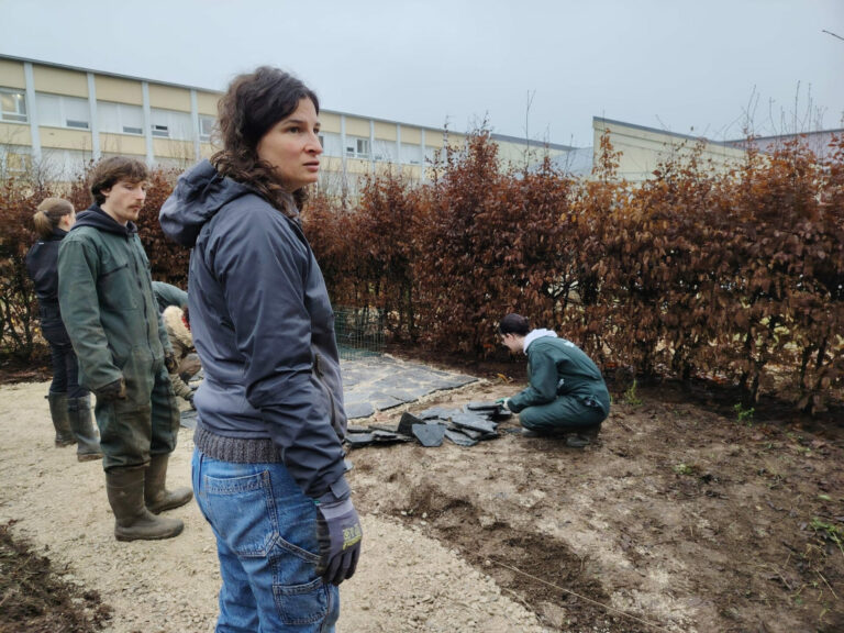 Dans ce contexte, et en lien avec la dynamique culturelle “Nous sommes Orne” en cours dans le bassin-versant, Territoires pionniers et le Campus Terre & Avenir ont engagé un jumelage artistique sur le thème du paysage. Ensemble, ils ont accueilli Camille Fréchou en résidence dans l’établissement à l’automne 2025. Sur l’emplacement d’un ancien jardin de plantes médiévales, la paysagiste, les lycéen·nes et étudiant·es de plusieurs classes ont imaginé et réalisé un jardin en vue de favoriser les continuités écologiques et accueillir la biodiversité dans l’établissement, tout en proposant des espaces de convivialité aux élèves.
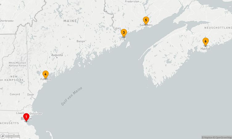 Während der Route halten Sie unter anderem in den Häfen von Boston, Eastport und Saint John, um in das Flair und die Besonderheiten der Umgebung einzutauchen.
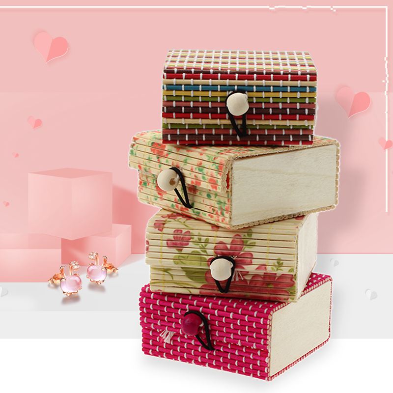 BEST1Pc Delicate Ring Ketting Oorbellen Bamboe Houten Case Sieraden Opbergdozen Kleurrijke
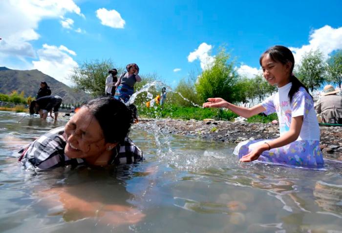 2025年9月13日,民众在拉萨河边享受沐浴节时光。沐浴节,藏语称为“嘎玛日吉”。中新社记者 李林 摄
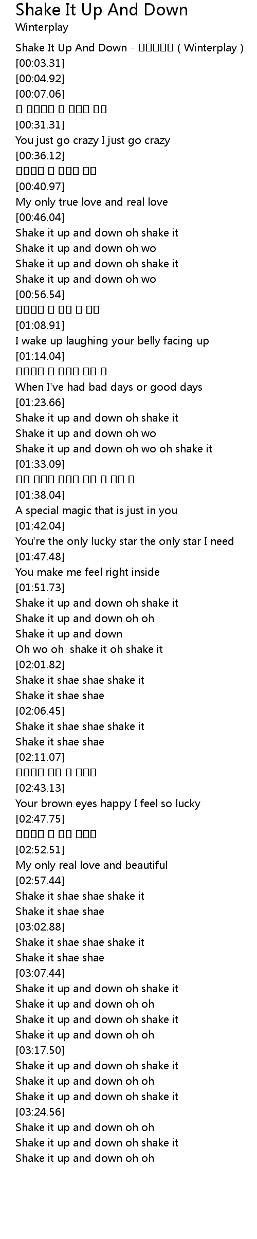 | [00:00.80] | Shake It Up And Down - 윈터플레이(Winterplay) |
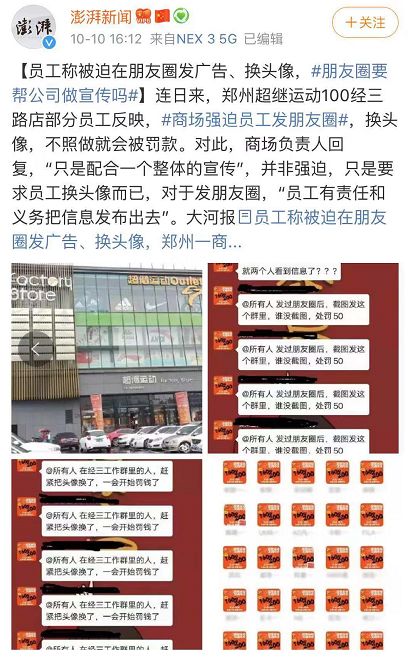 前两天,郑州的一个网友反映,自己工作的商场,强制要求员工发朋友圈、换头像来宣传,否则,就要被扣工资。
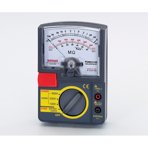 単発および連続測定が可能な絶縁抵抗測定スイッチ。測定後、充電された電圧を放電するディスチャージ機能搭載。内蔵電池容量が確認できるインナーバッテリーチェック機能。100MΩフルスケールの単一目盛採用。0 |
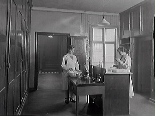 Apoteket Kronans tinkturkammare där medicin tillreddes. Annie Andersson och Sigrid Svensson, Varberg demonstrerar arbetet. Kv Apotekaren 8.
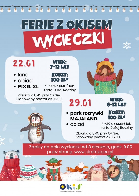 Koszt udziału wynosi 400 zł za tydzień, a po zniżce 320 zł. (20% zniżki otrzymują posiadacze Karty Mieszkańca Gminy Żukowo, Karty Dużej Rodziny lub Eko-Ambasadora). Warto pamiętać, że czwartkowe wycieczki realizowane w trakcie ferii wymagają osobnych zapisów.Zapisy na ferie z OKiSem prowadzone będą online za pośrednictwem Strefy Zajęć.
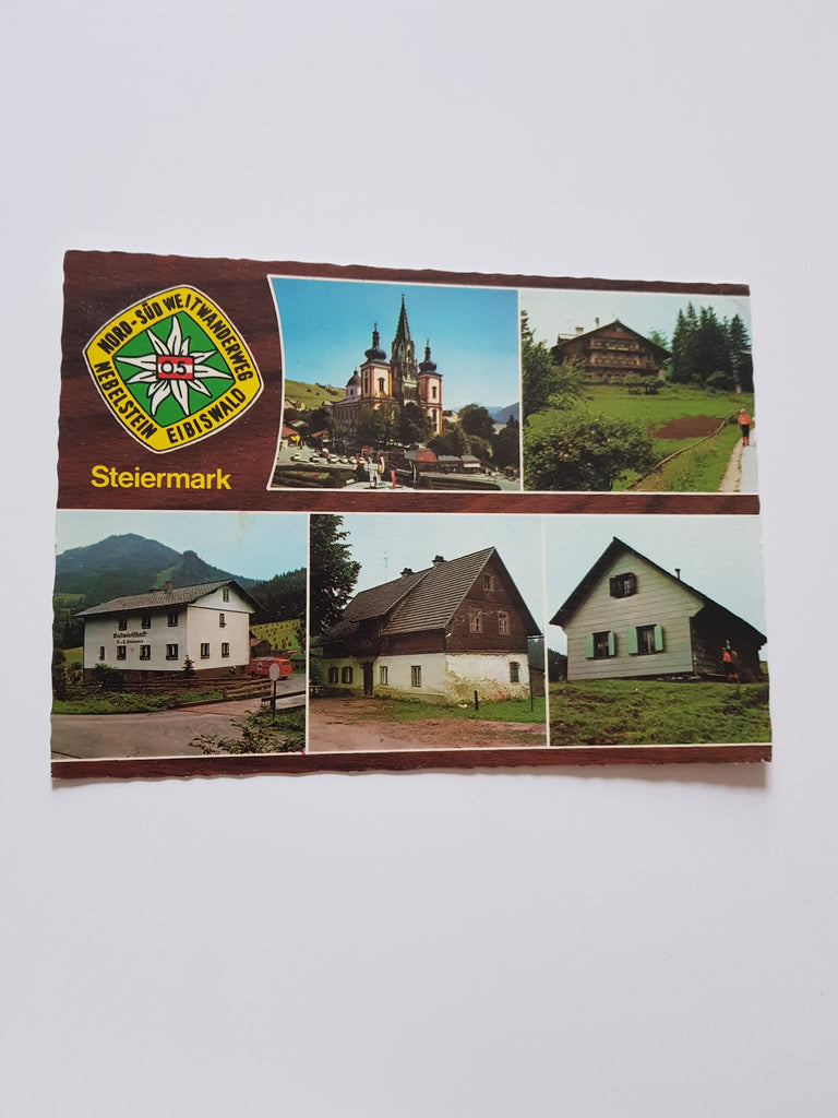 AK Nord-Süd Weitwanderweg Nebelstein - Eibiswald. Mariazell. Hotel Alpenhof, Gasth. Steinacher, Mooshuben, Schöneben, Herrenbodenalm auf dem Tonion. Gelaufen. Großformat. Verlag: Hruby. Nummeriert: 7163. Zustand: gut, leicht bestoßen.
- - - - -
▶ [Your objective] Print the complete listing exactly, apart from any pictures.

▶ [Final answer]
 Dans ce contexte, et en lien avec la dynamique culturelle “Nous sommes Orne” en cours dans le bassin-versant, Territoires pionniers et le Campus Terre & Avenir ont engagé un jumelage artistique sur le thème du paysage. Ensemble, ils ont accueilli Camille Fréchou en résidence dans l’établissement à l’automne 2025. Sur l’emplacement d’un ancien jardin de plantes médiévales, la paysagiste, les lycéen·nes et étudiant·es de plusieurs classes ont imaginé et réalisé un jardin en vue de favoriser les continuités écologiques et accueillir la biodiversité dans l’établissement, tout en proposant des espaces de convivialité aux élèves.
 Während der Route halten Sie unter anderem in den Häfen von Boston, Eastport und Saint John, um in das Flair und die Besonderheiten der Umgebung einzutauchen.
 BEST1Pc Delicate Ring Ketting Oorbellen Bamboe Houten Case Sieraden Opbergdozen Kleurrijke
 2025年9月13日,民众在拉萨河边享受沐浴节时光。沐浴节,藏语称为“嘎玛日吉”。中新社记者 李林 摄
 | [00:00.80] | Shake It Up And Down - 윈터플레이(Winterplay) |
 前两天,郑州的一个网友反映,自己工作的商场,强制要求员工发朋友圈、换头像来宣传,否则,就要被扣工资。
 単発および連続測定が可能な絶縁抵抗測定スイッチ。測定後、充電された電圧を放電するディスチャージ機能搭載。内蔵電池容量が確認できるインナーバッテリーチェック機能。100MΩフルスケールの単一目盛採用。0 |
 Apoteket Kronans tinkturkammare där medicin tillreddes. Annie Andersson och Sigrid Svensson, Varberg demonstrerar arbetet. Kv Apotekaren 8.
 Koszt udziału wynosi 400 zł za tydzień, a po zniżce 320 zł. (20% zniżki otrzymują posiadacze Karty Mieszkańca Gminy Żukowo, Karty Dużej Rodziny lub Eko-Ambasadora). Warto pamiętać, że czwartkowe wycieczki realizowane w trakcie ferii wymagają osobnych zapisów.Zapisy na ferie z OKiSem prowadzone będą online za pośrednictwem Strefy Zajęć.
 AK Nord-Süd Weitwanderweg Nebelstein - Eibiswald. Mariazell. Hotel Alpenhof, Gasth. Steinacher, Mooshuben, Schöneben, Herrenbodenalm auf dem Tonion. Gelaufen. Großformat. Verlag: Hruby. Nummeriert: 7163. Zustand: gut, leicht bestoßen.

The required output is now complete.